Required work: Using the material below, print a verbatim copy of every line from the one containing "Wear this cute" through the one containing "巡檢人員到達的時候,新鄉(x", inclusive, and omit the pictures.

Data for review:
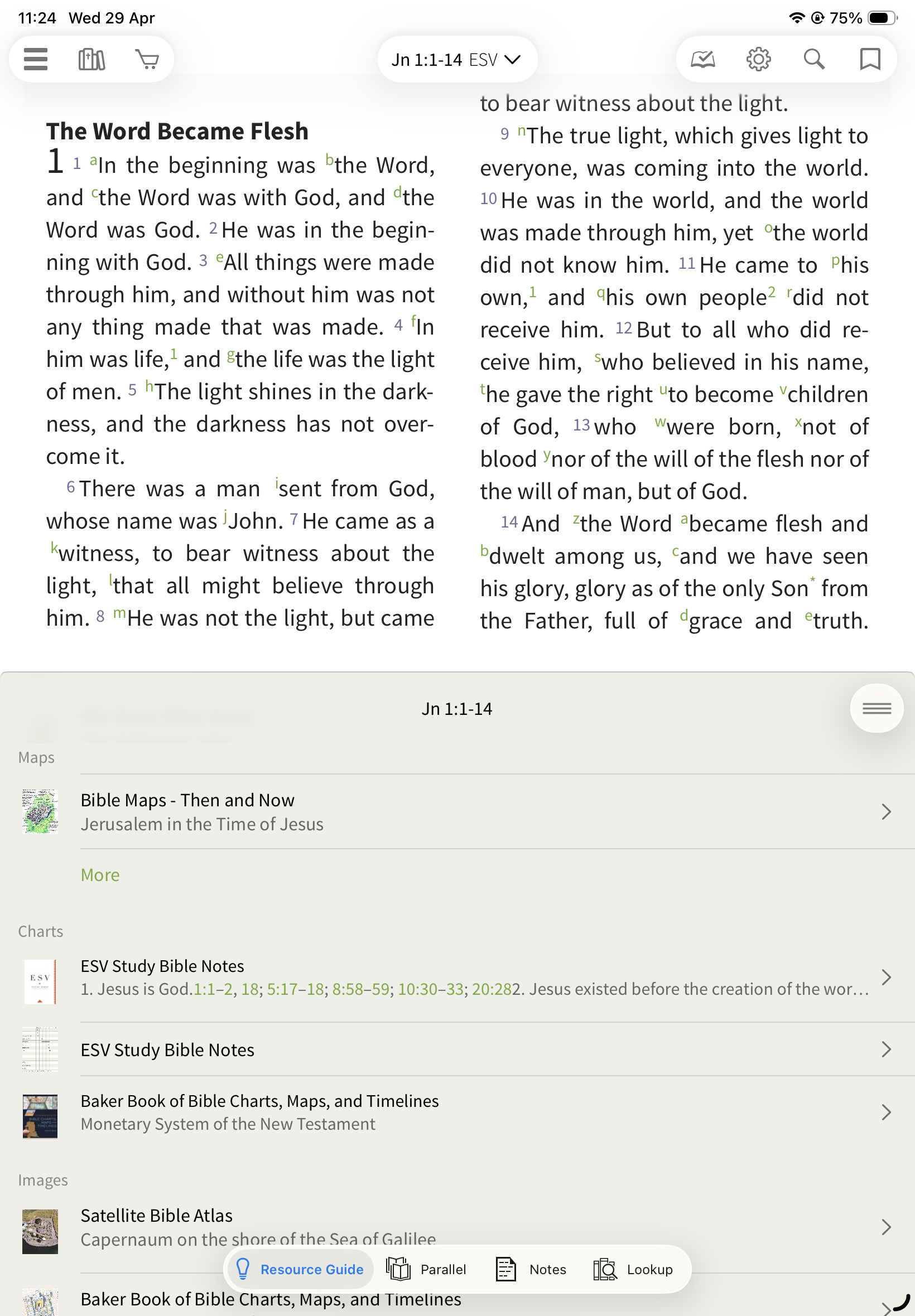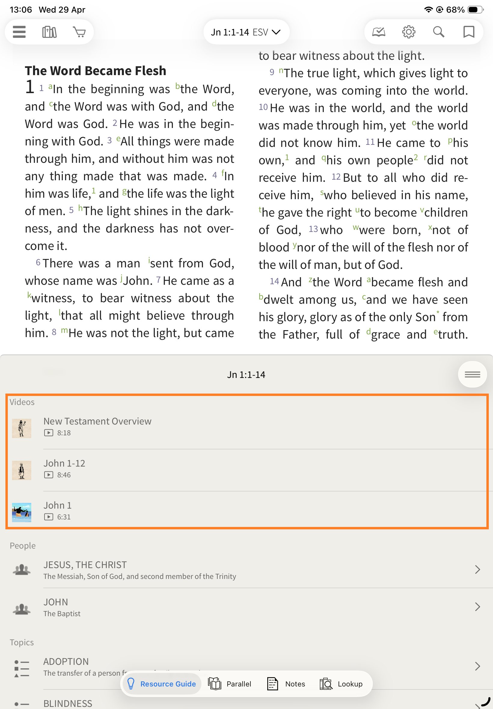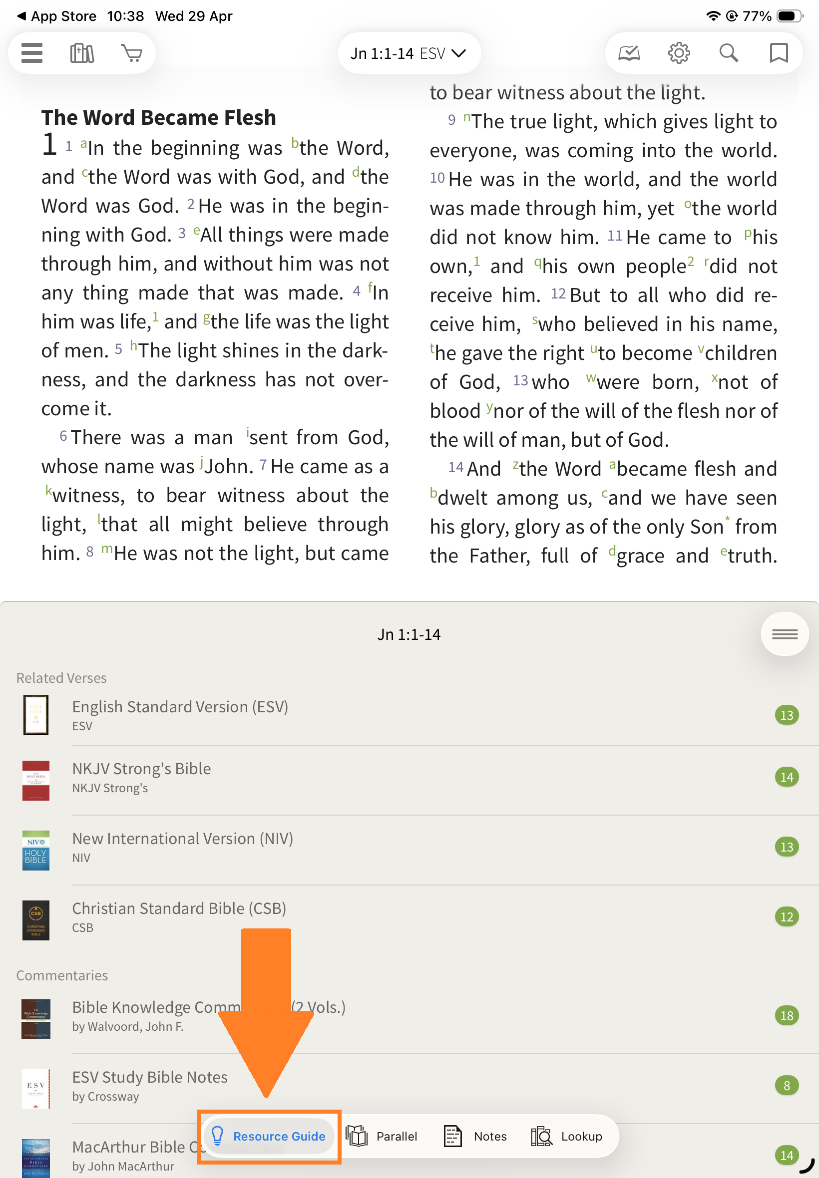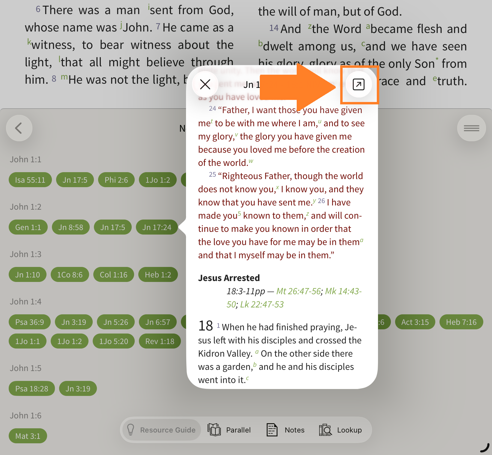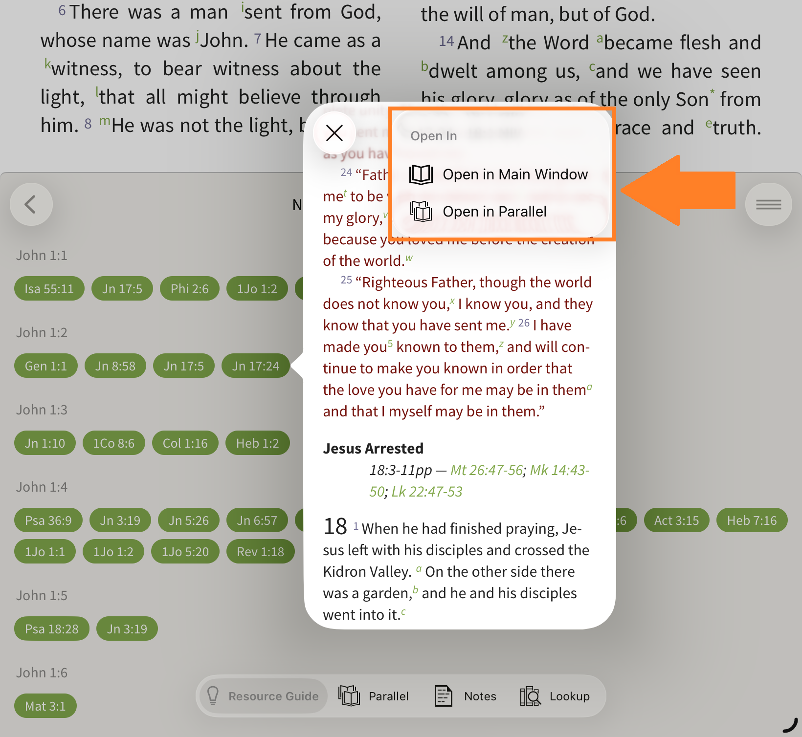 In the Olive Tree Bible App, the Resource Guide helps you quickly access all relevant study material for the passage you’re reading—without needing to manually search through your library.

...

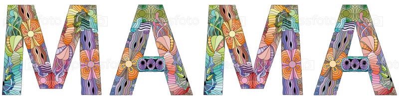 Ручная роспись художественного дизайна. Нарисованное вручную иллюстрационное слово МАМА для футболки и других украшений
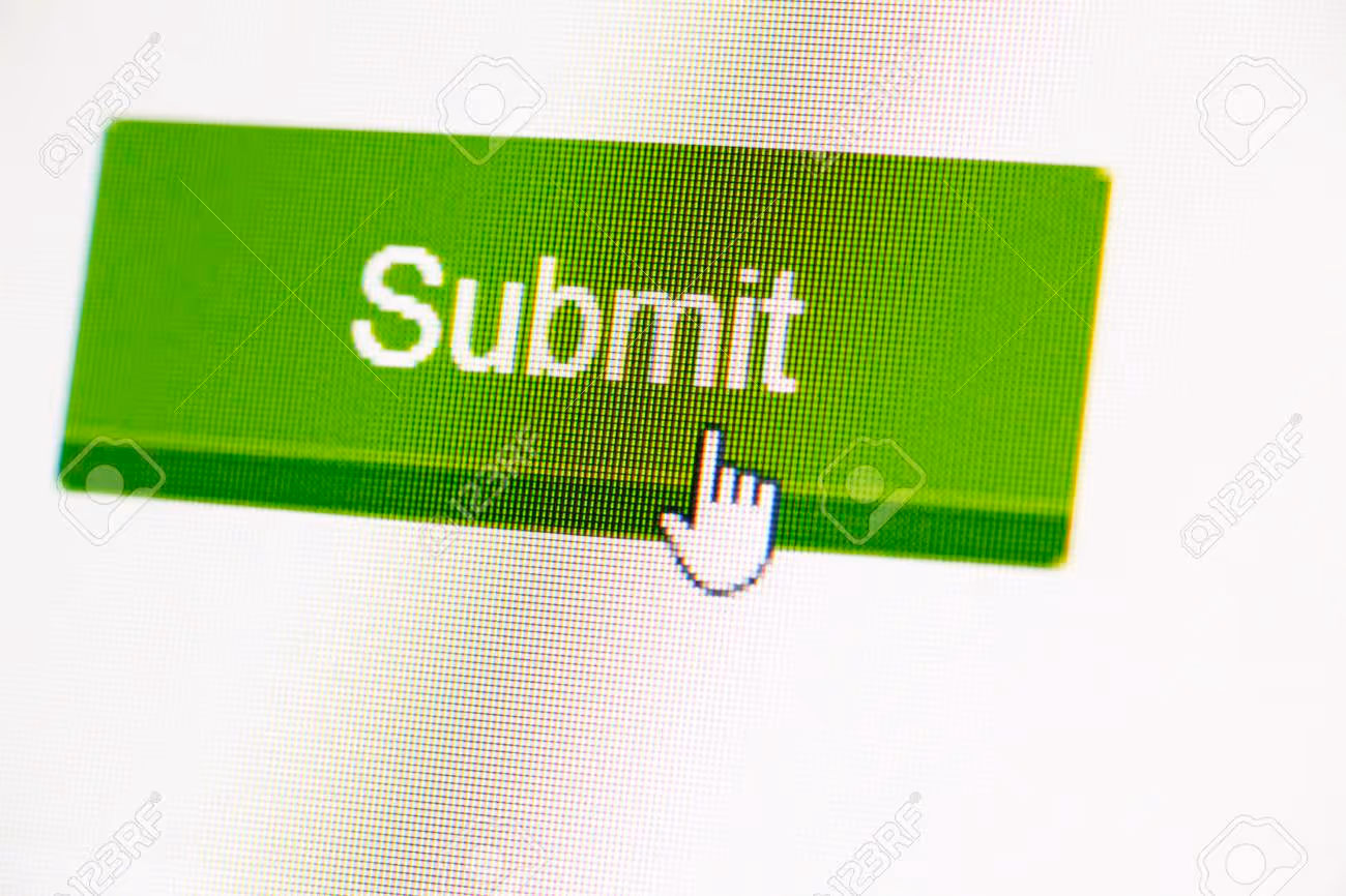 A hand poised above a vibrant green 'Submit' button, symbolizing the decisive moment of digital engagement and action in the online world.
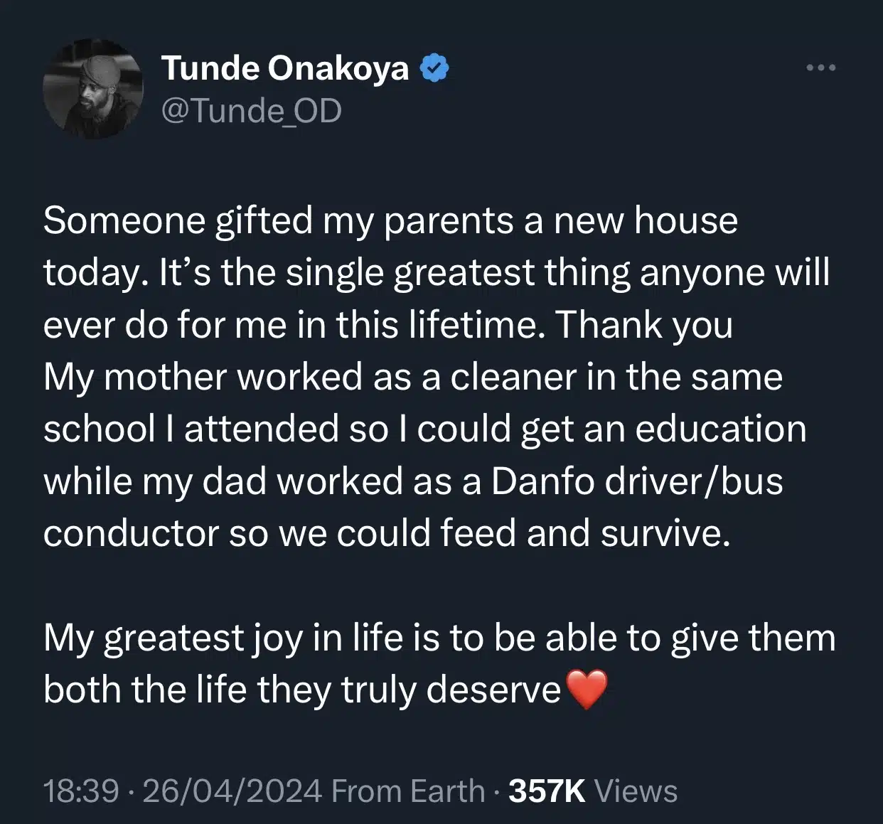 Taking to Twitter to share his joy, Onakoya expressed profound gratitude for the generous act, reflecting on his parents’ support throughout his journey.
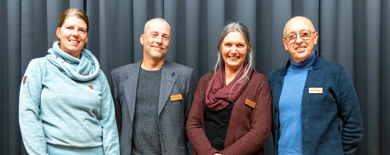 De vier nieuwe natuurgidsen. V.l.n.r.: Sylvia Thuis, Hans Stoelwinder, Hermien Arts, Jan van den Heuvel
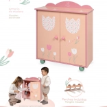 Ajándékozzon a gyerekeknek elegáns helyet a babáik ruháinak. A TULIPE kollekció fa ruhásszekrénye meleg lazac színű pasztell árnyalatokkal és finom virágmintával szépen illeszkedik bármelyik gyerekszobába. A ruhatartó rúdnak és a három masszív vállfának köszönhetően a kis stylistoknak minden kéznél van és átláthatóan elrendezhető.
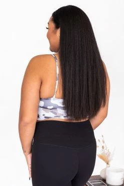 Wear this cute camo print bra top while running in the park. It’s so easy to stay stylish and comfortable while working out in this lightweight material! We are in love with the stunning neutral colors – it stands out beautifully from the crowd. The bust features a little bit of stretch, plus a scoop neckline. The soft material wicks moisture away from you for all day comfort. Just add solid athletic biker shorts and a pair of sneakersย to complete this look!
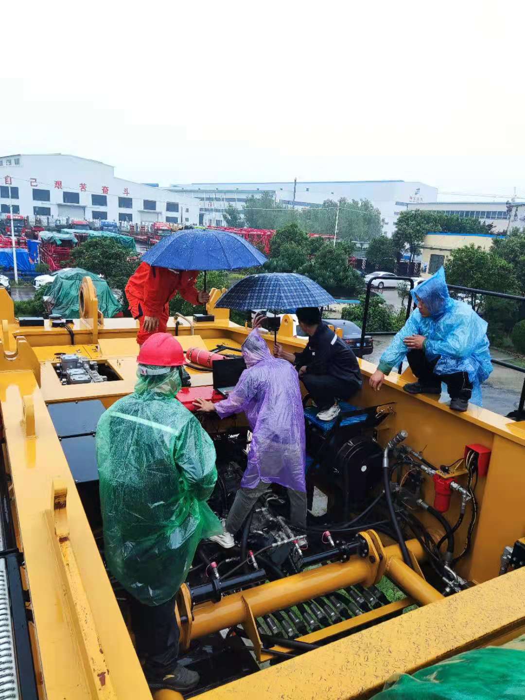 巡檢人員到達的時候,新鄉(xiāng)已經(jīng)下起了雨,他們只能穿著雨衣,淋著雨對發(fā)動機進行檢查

Response below:
 Wear this cute camo print bra top while running in the park. It’s so easy to stay stylish and comfortable while working out in this lightweight material! We are in love with the stunning neutral colors – it stands out beautifully from the crowd. The bust features a little bit of stretch, plus a scoop neckline. The soft material wicks moisture away from you for all day comfort. Just add solid athletic biker shorts and a pair of sneakersย to complete this look!
 巡檢人員到達的時候,新鄉(xiāng)已經(jīng)下起了雨,他們只能穿著雨衣,淋著雨對發(fā)動機進行檢查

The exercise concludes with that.